WHAT THIS TASK INVOLVES: Pictures excluded, retype the lines from the one containing "In dotazione 4" through the last line of the data below, both included.

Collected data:
━━━━━━━━━━

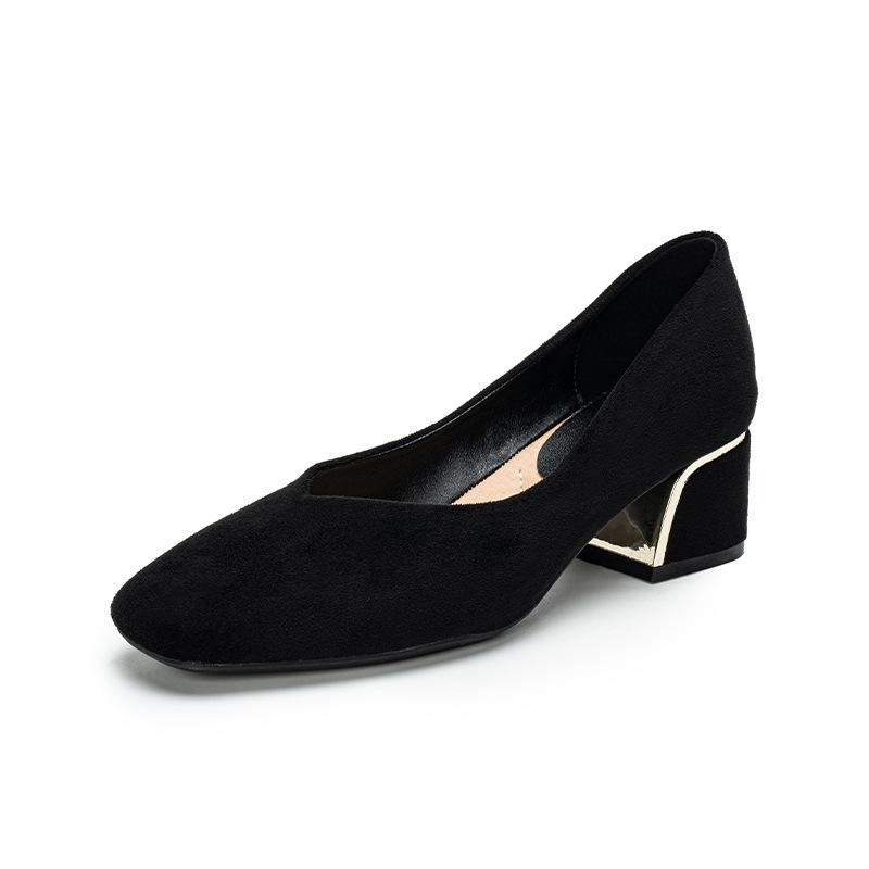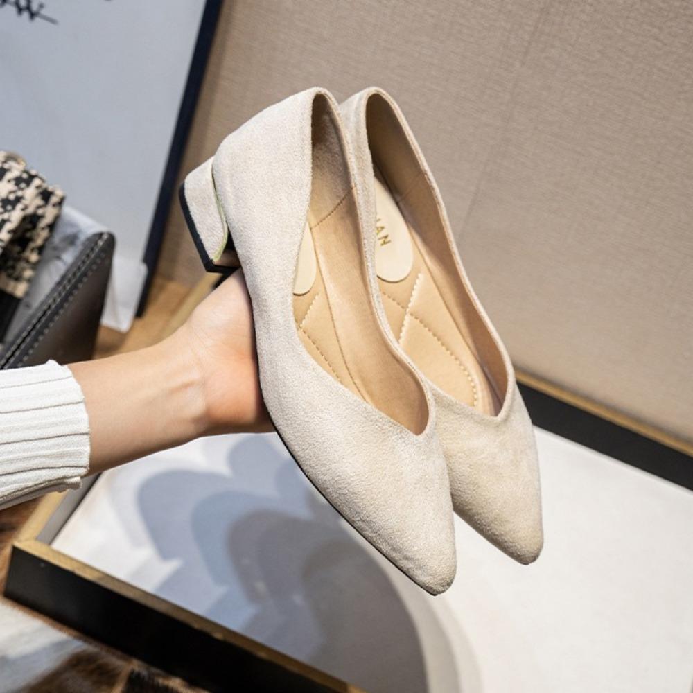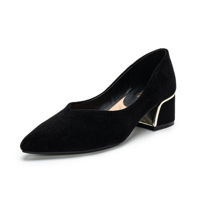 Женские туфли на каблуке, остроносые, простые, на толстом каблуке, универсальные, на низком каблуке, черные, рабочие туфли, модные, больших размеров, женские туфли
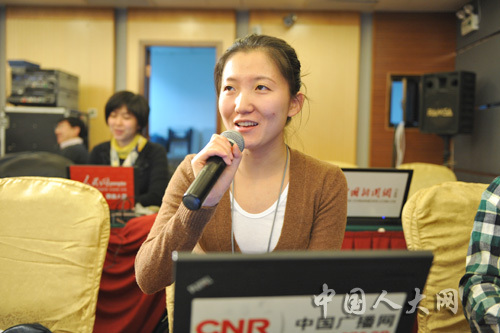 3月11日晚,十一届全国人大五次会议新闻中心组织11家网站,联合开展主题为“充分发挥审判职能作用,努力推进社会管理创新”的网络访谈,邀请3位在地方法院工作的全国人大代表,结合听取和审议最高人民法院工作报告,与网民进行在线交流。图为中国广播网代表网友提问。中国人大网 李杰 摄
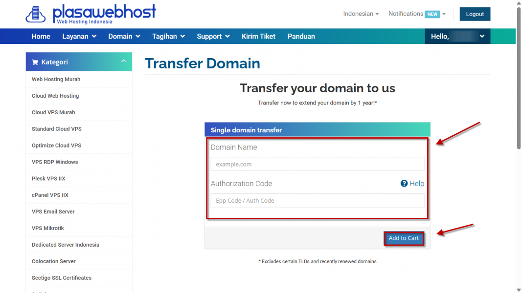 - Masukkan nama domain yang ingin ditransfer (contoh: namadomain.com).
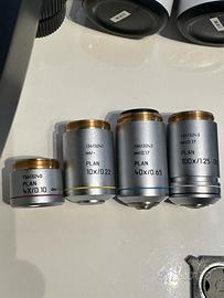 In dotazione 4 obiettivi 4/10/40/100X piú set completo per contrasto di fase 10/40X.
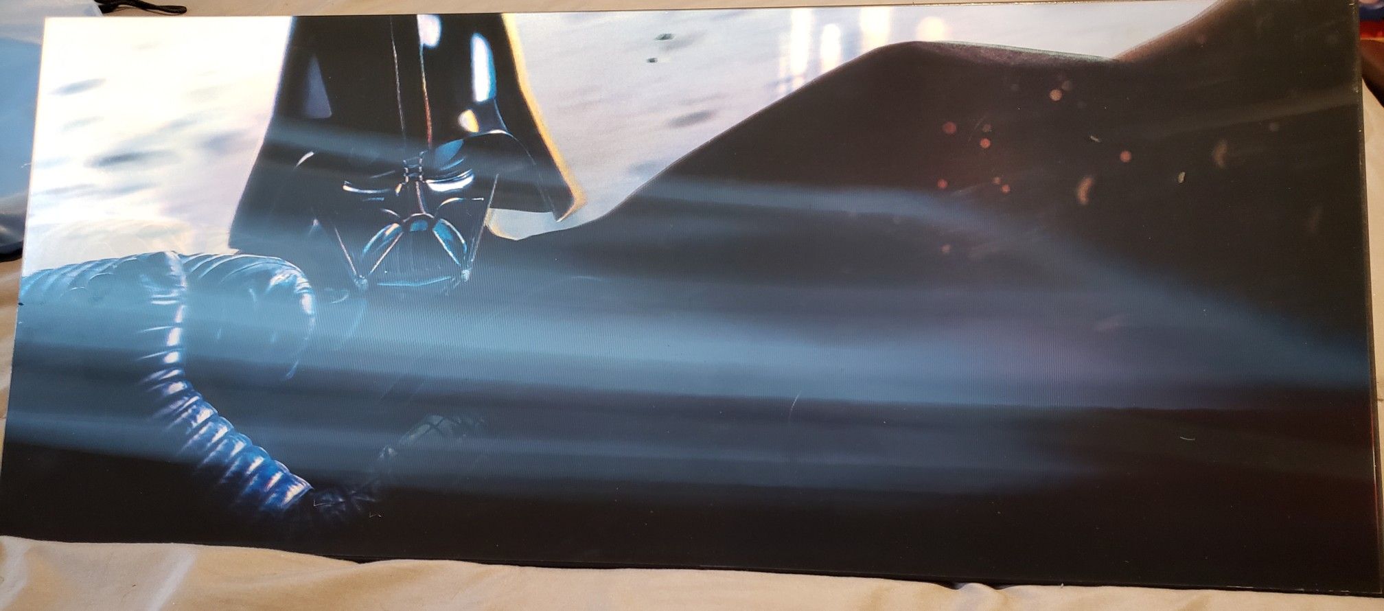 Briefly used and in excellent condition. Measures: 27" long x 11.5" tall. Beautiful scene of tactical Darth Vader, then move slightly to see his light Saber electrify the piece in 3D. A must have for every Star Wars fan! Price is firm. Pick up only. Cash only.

━━━━━━━━━━

TASK OUTPUT:
 In dotazione 4 obiettivi 4/10/40/100X piú set completo per contrasto di fase 10/40X.
 Briefly used and in excellent condition. Measures: 27" long x 11.5" tall. Beautiful scene of tactical Darth Vader, then move slightly to see his light Saber electrify the piece in 3D. A must have for every Star Wars fan! Price is firm. Pick up only. Cash only.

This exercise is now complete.